» EXERCISE BRIEF: Your answer should consist only of the lines below from the one with "今日は3時間で660km進む" through the one with "The new Oasis", copied exactly.

---*---

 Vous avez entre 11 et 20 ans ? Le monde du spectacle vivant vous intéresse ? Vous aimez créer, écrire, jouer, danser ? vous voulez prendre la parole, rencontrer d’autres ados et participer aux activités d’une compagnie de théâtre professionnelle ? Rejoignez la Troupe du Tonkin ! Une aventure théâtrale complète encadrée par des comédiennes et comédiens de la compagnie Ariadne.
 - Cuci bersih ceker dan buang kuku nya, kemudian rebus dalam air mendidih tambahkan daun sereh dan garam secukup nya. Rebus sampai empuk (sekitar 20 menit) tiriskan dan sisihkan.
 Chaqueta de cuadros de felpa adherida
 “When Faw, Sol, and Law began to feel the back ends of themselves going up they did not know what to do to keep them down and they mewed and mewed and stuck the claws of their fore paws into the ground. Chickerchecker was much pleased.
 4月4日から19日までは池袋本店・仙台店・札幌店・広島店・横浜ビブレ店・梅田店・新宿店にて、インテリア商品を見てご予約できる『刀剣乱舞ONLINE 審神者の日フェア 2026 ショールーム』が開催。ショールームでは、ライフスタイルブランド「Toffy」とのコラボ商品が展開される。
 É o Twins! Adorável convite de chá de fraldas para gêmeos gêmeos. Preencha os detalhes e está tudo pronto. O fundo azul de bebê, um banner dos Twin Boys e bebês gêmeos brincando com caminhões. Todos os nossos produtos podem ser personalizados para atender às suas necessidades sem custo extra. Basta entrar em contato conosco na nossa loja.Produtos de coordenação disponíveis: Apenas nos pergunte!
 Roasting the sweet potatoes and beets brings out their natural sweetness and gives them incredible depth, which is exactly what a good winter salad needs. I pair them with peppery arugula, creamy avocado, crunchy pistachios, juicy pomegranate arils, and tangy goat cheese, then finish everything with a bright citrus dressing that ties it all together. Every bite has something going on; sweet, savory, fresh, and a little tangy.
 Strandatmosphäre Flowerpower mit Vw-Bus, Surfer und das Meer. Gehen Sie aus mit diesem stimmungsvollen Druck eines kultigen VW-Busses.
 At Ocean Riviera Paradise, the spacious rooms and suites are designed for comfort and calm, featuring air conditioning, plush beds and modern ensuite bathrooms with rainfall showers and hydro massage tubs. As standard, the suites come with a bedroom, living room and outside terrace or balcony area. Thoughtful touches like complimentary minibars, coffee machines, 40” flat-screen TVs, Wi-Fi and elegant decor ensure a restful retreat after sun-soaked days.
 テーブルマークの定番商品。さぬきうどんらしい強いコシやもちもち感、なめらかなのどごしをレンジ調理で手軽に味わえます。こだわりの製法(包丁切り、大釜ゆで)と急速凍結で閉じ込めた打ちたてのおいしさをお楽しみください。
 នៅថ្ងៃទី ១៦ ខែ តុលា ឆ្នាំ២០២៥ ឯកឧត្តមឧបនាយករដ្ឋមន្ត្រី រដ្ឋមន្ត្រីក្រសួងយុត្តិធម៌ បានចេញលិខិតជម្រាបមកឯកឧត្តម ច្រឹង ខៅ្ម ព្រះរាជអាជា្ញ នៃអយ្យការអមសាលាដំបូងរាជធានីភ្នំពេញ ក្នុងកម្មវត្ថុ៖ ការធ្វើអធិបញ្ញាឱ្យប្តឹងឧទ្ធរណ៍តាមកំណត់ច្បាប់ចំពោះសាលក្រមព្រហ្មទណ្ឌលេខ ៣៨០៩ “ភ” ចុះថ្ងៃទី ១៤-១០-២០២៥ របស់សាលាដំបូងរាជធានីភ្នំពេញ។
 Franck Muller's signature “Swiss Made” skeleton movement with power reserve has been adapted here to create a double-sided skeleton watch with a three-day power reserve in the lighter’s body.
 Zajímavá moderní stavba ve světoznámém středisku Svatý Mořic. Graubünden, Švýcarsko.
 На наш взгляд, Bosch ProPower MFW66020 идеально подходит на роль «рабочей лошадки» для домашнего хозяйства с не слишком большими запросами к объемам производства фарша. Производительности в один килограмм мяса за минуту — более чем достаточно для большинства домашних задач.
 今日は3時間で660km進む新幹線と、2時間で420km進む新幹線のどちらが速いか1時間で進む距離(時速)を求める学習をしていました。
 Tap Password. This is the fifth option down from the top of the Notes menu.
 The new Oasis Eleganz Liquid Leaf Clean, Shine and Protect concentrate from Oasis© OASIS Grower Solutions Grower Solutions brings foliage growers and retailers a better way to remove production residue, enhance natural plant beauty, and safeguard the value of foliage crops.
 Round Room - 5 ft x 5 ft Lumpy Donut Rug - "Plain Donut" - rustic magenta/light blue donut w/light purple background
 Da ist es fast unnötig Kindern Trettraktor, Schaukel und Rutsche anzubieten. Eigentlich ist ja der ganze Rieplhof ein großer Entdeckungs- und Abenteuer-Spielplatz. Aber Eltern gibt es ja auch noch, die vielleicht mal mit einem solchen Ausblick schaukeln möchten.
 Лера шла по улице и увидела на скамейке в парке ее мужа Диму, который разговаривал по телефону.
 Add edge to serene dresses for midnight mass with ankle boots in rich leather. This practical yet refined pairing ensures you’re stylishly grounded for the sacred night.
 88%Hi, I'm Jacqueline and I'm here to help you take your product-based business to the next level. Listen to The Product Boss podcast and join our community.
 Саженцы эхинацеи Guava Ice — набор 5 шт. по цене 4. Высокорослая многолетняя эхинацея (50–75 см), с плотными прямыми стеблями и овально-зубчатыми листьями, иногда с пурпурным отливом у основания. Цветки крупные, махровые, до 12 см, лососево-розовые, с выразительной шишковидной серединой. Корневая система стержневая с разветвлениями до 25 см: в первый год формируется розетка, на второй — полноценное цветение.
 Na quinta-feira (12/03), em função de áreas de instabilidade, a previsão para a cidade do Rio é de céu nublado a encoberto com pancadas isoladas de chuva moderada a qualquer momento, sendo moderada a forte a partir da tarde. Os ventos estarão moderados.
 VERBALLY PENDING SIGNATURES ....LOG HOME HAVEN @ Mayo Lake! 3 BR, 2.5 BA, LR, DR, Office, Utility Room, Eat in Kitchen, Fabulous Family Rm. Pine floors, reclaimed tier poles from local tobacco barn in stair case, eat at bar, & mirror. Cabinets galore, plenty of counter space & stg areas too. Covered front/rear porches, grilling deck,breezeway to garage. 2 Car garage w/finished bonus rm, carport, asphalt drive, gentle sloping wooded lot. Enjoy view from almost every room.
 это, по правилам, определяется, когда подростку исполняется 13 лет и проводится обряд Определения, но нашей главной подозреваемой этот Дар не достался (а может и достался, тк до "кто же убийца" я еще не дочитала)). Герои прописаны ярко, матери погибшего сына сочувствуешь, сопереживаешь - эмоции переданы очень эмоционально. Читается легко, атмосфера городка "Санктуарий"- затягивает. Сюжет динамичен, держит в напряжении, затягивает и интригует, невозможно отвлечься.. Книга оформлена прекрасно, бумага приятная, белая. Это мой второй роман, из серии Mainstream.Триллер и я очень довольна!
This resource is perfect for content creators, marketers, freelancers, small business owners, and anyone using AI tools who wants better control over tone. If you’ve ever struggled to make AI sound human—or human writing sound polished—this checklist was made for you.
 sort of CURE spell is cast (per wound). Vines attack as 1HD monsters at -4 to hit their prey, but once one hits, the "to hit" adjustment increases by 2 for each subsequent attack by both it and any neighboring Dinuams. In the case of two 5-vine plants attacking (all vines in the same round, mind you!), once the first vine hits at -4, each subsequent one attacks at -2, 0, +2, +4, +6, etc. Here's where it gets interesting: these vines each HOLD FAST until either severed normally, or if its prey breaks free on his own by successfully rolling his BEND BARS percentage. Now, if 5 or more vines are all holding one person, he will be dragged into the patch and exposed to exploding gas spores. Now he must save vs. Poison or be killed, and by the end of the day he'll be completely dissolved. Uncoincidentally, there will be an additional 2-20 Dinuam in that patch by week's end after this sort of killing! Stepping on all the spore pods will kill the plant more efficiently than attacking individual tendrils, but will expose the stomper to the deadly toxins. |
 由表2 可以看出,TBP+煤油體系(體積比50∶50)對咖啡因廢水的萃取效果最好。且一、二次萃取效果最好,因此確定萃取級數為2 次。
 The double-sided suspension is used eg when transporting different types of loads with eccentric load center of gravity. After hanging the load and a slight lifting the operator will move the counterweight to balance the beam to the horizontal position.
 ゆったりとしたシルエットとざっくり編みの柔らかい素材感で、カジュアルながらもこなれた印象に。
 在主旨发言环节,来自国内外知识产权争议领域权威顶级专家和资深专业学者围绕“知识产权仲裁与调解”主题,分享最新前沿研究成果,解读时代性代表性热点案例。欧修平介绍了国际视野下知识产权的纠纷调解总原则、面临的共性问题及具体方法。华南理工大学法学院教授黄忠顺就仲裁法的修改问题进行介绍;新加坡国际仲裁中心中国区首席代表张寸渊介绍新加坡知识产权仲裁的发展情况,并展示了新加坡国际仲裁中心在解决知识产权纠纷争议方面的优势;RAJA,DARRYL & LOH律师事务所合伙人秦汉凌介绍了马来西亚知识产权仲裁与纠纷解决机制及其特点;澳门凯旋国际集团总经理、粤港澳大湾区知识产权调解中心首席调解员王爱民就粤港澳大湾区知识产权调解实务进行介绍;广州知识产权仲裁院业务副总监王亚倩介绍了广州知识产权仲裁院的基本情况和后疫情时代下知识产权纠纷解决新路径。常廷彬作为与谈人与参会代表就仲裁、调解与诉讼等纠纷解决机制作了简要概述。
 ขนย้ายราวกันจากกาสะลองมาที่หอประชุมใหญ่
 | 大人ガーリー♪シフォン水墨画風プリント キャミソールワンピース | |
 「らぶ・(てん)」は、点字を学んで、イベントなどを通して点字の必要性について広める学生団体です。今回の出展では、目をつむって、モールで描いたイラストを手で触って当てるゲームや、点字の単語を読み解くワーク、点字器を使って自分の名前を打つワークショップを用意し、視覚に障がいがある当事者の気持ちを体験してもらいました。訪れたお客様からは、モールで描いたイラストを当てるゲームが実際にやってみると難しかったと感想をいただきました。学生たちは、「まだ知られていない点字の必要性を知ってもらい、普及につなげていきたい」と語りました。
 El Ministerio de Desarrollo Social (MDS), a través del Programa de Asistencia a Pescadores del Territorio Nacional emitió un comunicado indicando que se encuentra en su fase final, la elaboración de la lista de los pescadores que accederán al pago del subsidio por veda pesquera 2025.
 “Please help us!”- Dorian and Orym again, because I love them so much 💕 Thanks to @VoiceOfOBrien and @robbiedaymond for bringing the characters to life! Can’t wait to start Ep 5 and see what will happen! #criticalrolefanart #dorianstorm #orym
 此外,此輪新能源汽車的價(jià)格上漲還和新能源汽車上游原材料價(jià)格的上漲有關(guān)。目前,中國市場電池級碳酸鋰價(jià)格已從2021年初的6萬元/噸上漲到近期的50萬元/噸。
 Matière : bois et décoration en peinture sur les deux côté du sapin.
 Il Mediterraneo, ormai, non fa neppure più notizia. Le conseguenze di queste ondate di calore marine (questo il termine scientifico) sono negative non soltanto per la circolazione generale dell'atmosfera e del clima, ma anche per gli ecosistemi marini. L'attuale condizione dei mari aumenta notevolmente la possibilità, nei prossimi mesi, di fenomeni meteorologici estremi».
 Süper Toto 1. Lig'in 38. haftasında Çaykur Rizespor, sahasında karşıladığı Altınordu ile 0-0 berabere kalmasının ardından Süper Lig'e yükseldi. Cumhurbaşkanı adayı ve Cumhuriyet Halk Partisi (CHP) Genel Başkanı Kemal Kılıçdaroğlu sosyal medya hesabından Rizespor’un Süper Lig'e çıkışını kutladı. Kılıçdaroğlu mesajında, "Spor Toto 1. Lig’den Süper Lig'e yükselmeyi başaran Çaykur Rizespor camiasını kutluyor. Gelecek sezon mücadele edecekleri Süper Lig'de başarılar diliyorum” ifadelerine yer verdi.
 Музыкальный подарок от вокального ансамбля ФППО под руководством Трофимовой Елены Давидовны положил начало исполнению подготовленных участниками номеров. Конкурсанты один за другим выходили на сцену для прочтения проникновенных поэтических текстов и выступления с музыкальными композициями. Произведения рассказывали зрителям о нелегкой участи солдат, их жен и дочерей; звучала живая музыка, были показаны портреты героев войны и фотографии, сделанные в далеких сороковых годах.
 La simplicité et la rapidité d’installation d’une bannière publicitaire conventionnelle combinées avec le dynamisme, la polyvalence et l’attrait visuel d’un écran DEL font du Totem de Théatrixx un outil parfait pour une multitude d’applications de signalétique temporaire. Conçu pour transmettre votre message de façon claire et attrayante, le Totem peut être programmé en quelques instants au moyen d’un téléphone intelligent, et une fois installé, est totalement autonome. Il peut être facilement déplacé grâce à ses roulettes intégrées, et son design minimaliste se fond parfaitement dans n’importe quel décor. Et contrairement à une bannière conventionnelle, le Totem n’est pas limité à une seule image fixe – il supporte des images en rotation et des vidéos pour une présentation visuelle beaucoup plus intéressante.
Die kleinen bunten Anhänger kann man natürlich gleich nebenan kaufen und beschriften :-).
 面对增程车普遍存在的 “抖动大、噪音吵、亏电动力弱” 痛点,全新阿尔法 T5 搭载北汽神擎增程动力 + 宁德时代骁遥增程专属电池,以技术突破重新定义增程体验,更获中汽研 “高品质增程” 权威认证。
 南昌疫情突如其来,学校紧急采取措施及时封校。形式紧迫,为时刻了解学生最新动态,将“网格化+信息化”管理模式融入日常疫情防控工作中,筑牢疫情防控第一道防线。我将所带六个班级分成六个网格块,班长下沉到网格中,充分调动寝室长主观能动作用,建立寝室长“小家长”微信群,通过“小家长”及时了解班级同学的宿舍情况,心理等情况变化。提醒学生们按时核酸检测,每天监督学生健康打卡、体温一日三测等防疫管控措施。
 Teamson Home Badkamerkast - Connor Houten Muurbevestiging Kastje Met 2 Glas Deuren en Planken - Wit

---*---

» TASK OUTPUT:
 今日は3時間で660km進む新幹線と、2時間で420km進む新幹線のどちらが速いか1時間で進む距離(時速)を求める学習をしていました。
 Tap Password. This is the fifth option down from the top of the Notes menu.
 The new Oasis Eleganz Liquid Leaf Clean, Shine and Protect concentrate from Oasis© OASIS Grower Solutions Grower Solutions brings foliage growers and retailers a better way to remove production residue, enhance natural plant beauty, and safeguard the value of foliage crops.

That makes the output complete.